Procédure devant la cour
Par une requête et deux mémoires enregistrés les 21 janvier 2019 et 20 janvier et 24 février 2020, M. F... B..., représenté par Me C... et Me J..., demande à la cour :
1°) d'annuler ce jugement du tribunal administratif de Lyon du 21 novembre 2018 ;
2°) d'annuler la sanction de la révocation du 6 janvier 2016 prononcée à son encontre ;
3°) de mettre à la charge de la commune de Givors la somme de 4 500 euros en application de l'article L. 761-1 du code de justice administrative.
Il soutient que :
- la matérialité des motifs qui lui sont reprochés n'est pas établie, à l'exception de la consultation de sites à caractère pornographique et d'un différend regrettable et banal de la vie au travail ;
- les preuves sont déloyales dès lors qu'il a été privé d'accéder à son ordinateur ;
- la sanction est disproportionnée au regard des seuls motifs matériellement établis.
Par trois mémoires en défense, enregistrés le 11 juillet 2019, le 12 février 2020 et le 23 mars 2020, la commune de Givors représentée par Me G... demande à la cour :
1°) de rejeter la requête ;
2°) de confirmer le jugement attaqué ;
3°) de mettre à la charge de M. B... la somme de 2 500 euros sur le fondement de l'article L. 761-1 du code de justice administrative.
Elle fait valoir que les moyens présentés par le requérant ne sont pas fondés.
Vu les autres pièces du dossier ;
Vu :
- la loi n° 83-634 du 13 juillet 1983 modifiée portant droits et obligations des fonctionnaires ;
- la loi n° 84-53 du 26 janvier 1984 modifiée portant dispositions statutaires relatives à la fonction publique territoriale ;
- le décret n° 89-677 du 18 septembre 1989 relatif à la procédure disciplinaire applicable aux fonctionnaires territoriaux ;
- le décret n° 2011-444 du 21 avril 2011 portant statut particulier du cadre d'emplois des chefs de service de police municipale ;
- le code de justice administrative.
Les parties ayant été régulièrement averties du jour de l'audience ;
Après avoir entendu au cours de l'audience publique :
- le rapport de M. Fédi, président-assesseur,
- les conclusions de M. Deliancourt, rapporteur public,
- et les observations de Me I..., représentant M. B... ;
Considérant ce qui suit :
1. M. B..., né le 7 décembre 1967, a été recruté par la commune de Givors, en qualité de chef de la police municipale, le 4 mai 2015 et a été rattaché au secteur usagers et cadre de vie de la commune, après avoir exercé précédemment les mêmes fonctions auprès de la commune de Craponne.
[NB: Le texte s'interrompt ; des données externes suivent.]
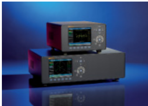
Анализаторы электроснабжения Fluke Norma 4000/5000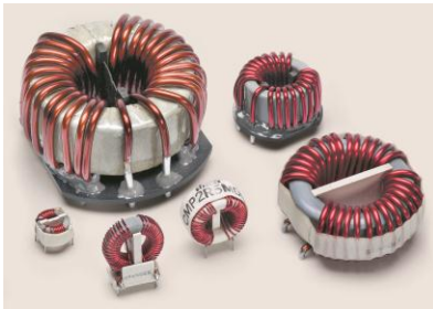
隔离和噪音抑制电感和扼流圈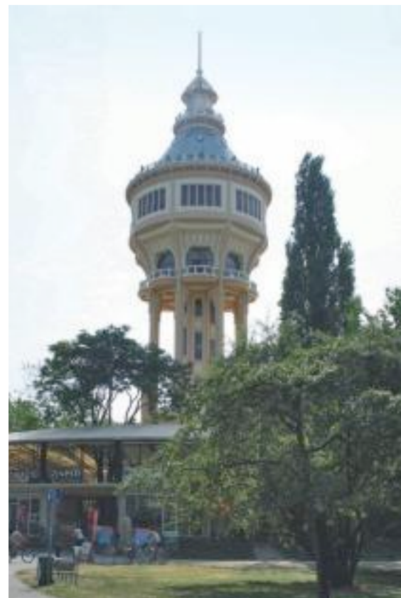
BOVEN De Donau verdeelt de stad in Boeda en Pest RECHTS De watertoren op het Margit- eiland

inborst. Deze komt duidelijker dan ooit naar voren tijdens de tientallen festivals die Boedapest jaarlijks heeft. Het bekendst is het muziekfestival Sziget dat elk jaar in de zomer wordt gevierd. Maandelijks kunnen toeristen op een laagdrempelige manier kennismaken met jonge Hongaarse kunstenaars en ontwerpers tijdens WAMP. En in september trekken traditionele en nieuwe wijnhuizen naar de hoofdstad voor het wijnfestival. Maar wanneer je ook naar Boedapest reist: er is altijd wel een festival waar je je kunt onderdompelen in de Hongaarse cultuur en de lokale bevolking wat beter leert kennen.

M. B..., qui a été révoqué de ses fonctions de chef de la police municipale de Givors, par arrêté du 6 janvier 2016, entraînant sa radiation des cadres et perte de sa qualité de fonctionnaire, relève appel du jugement du 21 novembre 2018 par lequel le tribunal administratif de Lyon a rejeté sa demande d'annulation de cet arrêté.
Sur les conclusions à fin d'annulation :
2. Aux termes de l'article 29 de la loi du 13 juillet 1983 : " Toute faute commise par un fonctionnaire dans l'exercice ou à l'occasion de l'exercice de ses fonctions l'expose à une sanction disciplinaire (...) ". Aux termes de l'article 89 de la loi du 26 janvier 1984 : " Les sanctions disciplinaires sont réparties en quatre groupes : (...) Quatrième groupe : (...) la révocation (...) ".
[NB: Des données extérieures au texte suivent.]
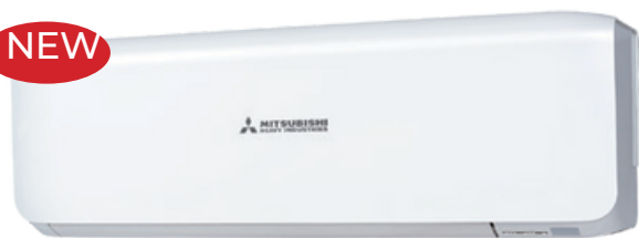
SRK-ZS-W, Wit RAL9003

3. Il appartient au juge de l'excès de pouvoir, saisi de moyens en ce sens, de rechercher si les faits reprochés à un agent public ayant fait l'objet d'une sanction disciplinaire constituent des fautes de nature à justifier une sanction et si la sanction retenue est proportionnée à la gravité de ces fautes.
4. Il est tout d'abord reproché à M. B... d'avoir consulté à six reprises, les 22, 23, 27, 28 et 30 juillet ainsi que le 5 août 2015, des images pornographiques avec les moyens et pendant les heures de service. M. B... a reconnu les faits. Devant le conseil de discipline, M. B... a justifié son comportement par l'état de stress dans lequel il se trouvait du fait de sa surcharge de travail. Il ressort des pièces du dossier que les consultations de sites pornographiques représentent un total de 43 h 15, soit une moyenne de 7 heures par journée et ce pendant plusieurs heures consécutives le plus souvent. Cette durée de consultation, qui doit être analysée, sur cette période, comme une pratique récurrente de la part de l'intéressé, représente, en outre, une grande partie du temps de travail quotidien de M. B.... Elle est donc de nature à nuire au bon fonctionnement du service et à compromettre fortement l'exercice réel des fonctions de l'agent, alors même que ces consultations ont été faites pour une faible partie, en dehors des heures de service, mais toujours sur le lieu de travail.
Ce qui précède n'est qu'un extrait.